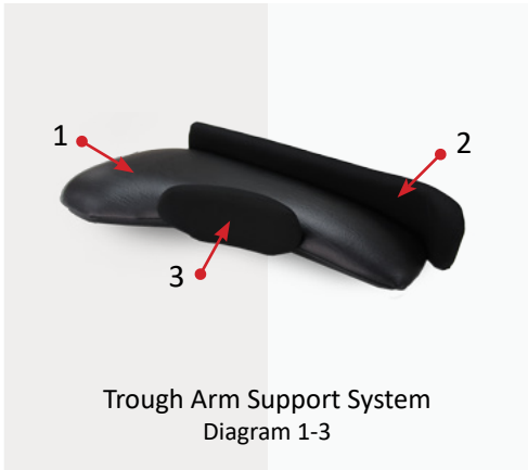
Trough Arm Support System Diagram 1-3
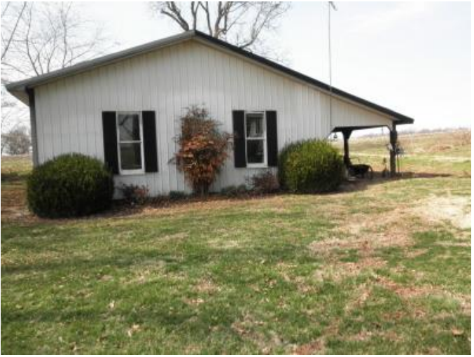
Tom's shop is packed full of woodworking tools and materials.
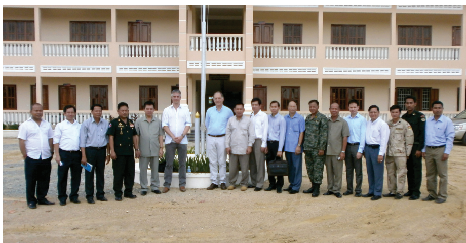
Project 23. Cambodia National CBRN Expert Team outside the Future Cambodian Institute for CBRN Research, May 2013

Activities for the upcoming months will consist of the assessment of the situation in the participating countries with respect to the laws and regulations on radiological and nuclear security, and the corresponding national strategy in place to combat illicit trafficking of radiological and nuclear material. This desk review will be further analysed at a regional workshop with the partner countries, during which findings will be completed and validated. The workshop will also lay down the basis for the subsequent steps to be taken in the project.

--

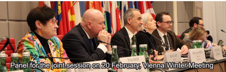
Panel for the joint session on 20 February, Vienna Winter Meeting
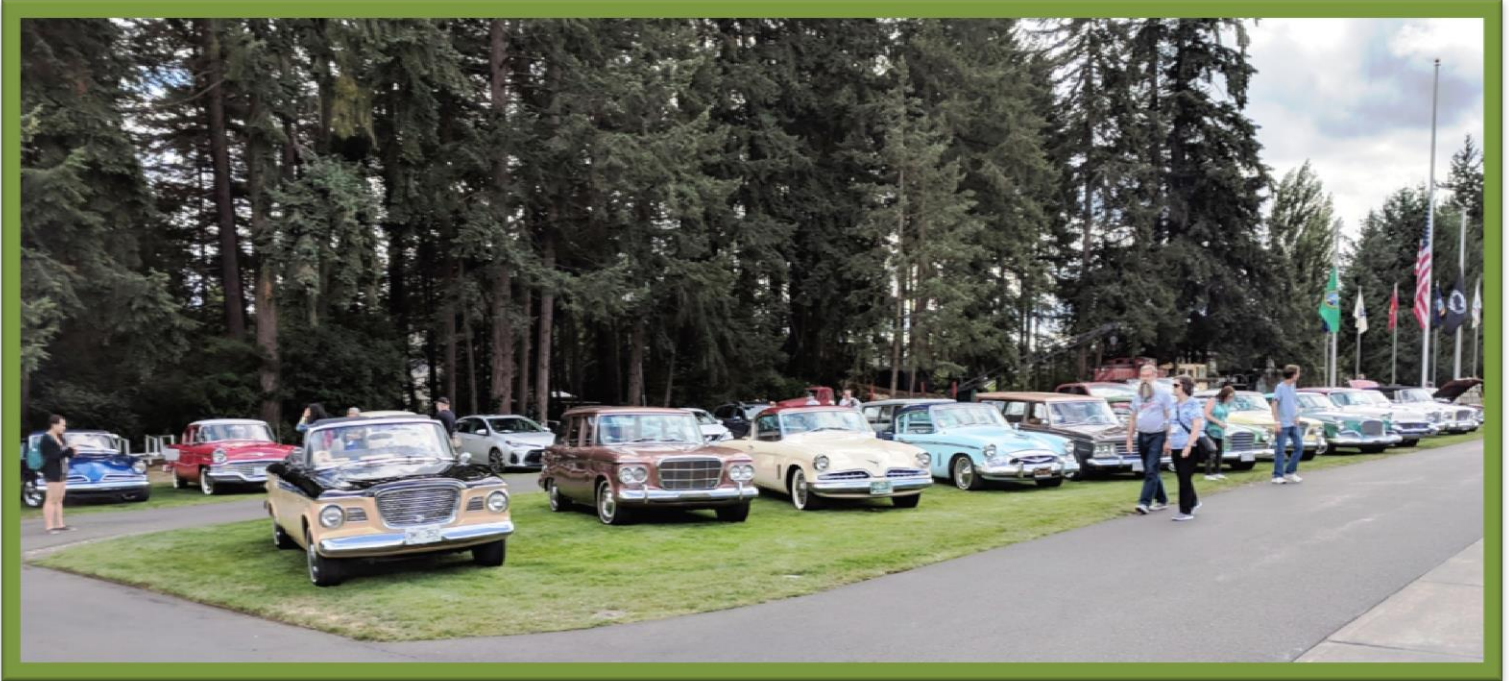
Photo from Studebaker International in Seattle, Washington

==

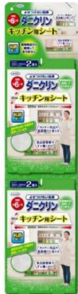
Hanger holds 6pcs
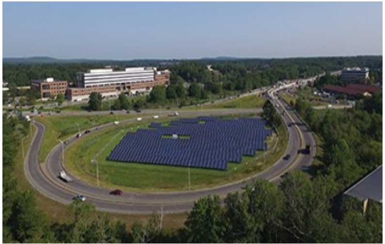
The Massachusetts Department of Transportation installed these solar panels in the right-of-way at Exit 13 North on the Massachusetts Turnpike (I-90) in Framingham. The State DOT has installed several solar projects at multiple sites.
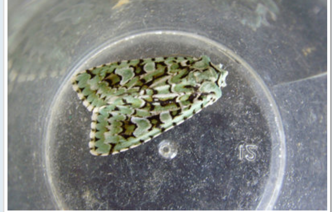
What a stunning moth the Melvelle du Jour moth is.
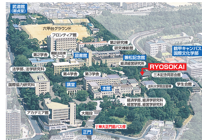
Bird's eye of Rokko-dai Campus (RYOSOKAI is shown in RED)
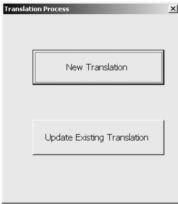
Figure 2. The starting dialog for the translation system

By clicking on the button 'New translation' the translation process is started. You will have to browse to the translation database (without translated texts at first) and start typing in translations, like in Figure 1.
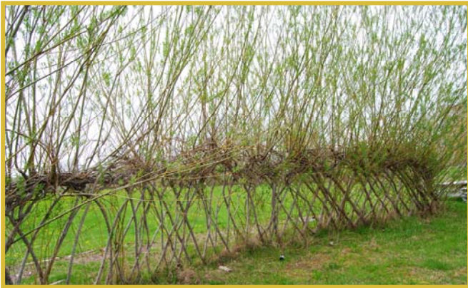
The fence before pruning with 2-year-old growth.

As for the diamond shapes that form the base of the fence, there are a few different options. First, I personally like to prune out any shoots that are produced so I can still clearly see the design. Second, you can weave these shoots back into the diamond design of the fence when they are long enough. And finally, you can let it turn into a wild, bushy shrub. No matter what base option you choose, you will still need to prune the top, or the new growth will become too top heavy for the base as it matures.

* Exercise objective *
The answer must be every line of the entries that includes the word "translation".

* Output of the task *
Figure 2. The starting dialog for the translation system
By clicking on the button 'New translation' the translation process is started. You will have to browse to the translation database (without translated texts at first) and start typing in translations, like in Figure 1.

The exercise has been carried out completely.